This once great Roman city fell to barbarians but, though much of Aquileia was razed, a freshly lain colourful mosaic floor was left perfectly intact…
This 4th-century mosaic floor, spreading over 760 square metres within the pillared nave of the Patriarchal Basilica di Aquileia, could easily have been lost to the ravages of time. The Roman city of Aquileia, once one of the largest and wealthiest cities of the early Roman Empire, was sacked and destroyed by Attila the Hun in 452 AD, soon after the floor was completed. Yet the pavement still remains.
Even more remarkably, visitors looking down from the raised walkway above it today see the mosaic in much the same condition as it would have been for the inhabitants of the Roman city. The colourful tiles combine to create a Christian storyscape that adheres to the prohibitions of the time forbidding representations of Jesus in human form, by depicting him as a goat while his twelve apostles feature as a dozen eggs.
Most of the original church that once housed the mosaic is gone, however, and it now lies within a cathedral built between the 11th and 14 centuries in the Romanesque and Gothic styles.
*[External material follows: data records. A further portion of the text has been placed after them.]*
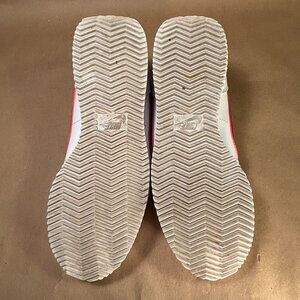 Super clean with minimal tread wear. No scuffs or cuts. Light pilling on ankle liner. Insoles in excellent, unstained condition. Forrest Gump edition Nike Cortez is a faithful reproduction of the shoe that debuted in 1972. All-leather upper with foam midsole and rubber zig zag tread. Metal lace charms and retro tongue tabs complete the look. 819719-103. White with Varsity Red and Blue trim.
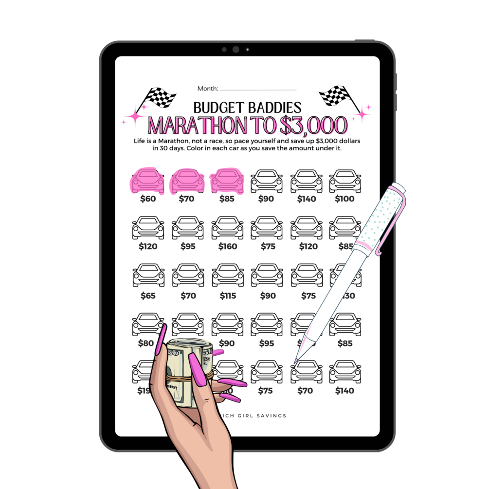 The $3,000 Savings challenge printable is easy to use: There's a total of 30 cars and each one of them represents one day of a month. You don't have to go in order, choose any amount and save it for a particular day. Once you have that amount saved, color it in and see your progress! Instant Download. Print or use digitally.
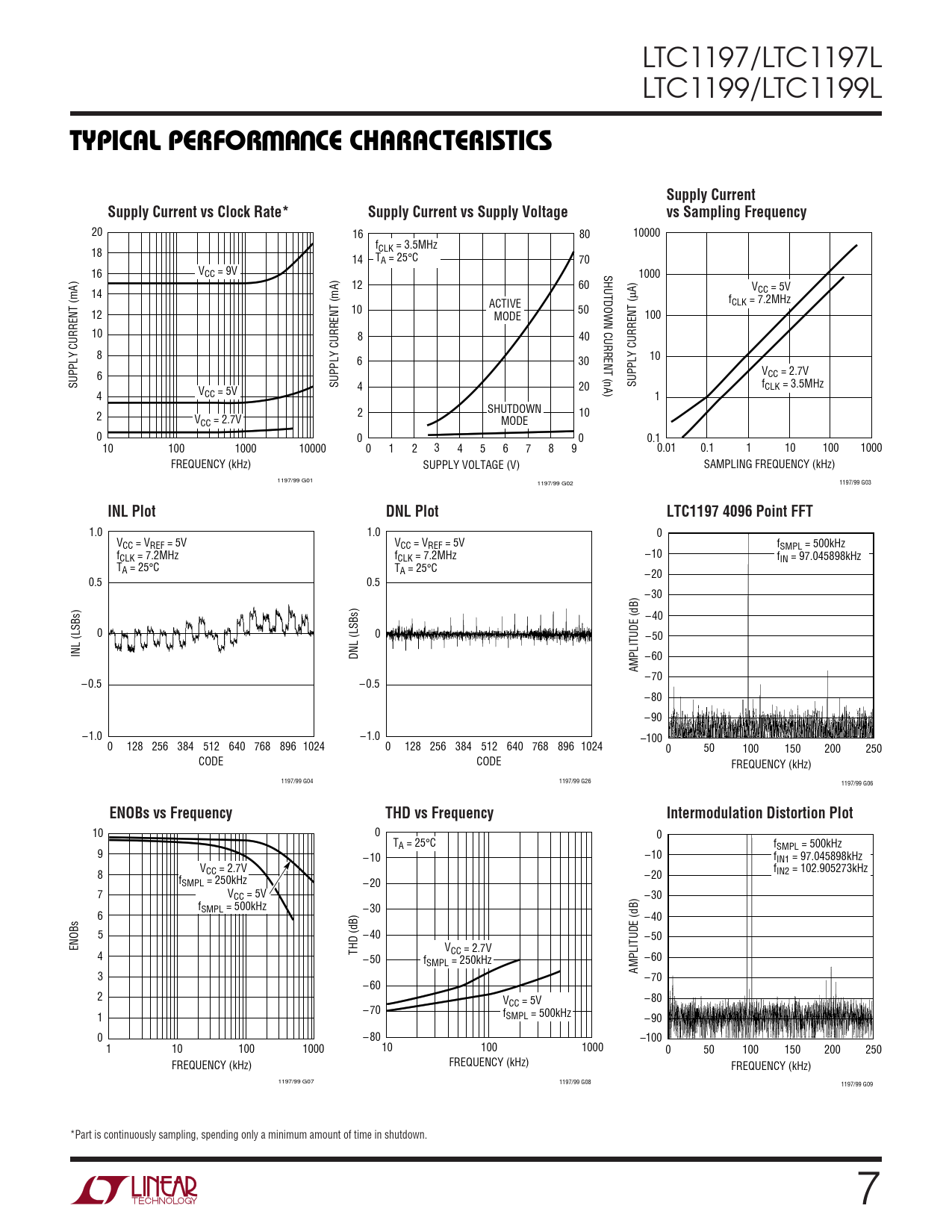20 16 80 10000 fCLK = 3.5MHz 18 14 TA = 25°C 70 16 VCC = 9V SHUTDOWN CURRENT (nA) 1000 12 60 V 14 µA) CC = 5V fCLK = 7.2MHz ACTIVE 12 10 50 MODE 100 10 8 40 8 10 6 30 6 VCC = 2.7V SUPPLY CURRENT (mA) SUPPLY CURRENT (mA) SUPPLY CURRENT ( f 4 20 CLK = 3.5MHz 4 VCC = 5V 1 SHUTDOWN 2 2 10 VCC = 2.7V MODE 0 0 0 0.1 10 100 1000 10000 0 1 2 3 4 5 6 7 8 9 0.01 0.1 1 10 100 1000 FREQUENCY (kHz) SUPPLY VOLTAGE (V) SAMPLING FREQUENCY (kHz) 1197/99 G01 1197/99 G02 1197/99 G03

The cathedral and its mosaic floor themselves form part of a wider, 155-hectare site that also includes the remains of Aquileia’s port and other archeological remains, still yet to be fully excavated.
The floor itself is remarkably well-preserved, however, and looking at it today you could be forgiven for thinking the 2,000-strong population of Aquileia had only recently departed. Unsurprisingly, UNESCO has declared this site in Friuli-Venezia Giulia, six miles from the northern tip of the Adriatic Sea, to be of outstanding universal value.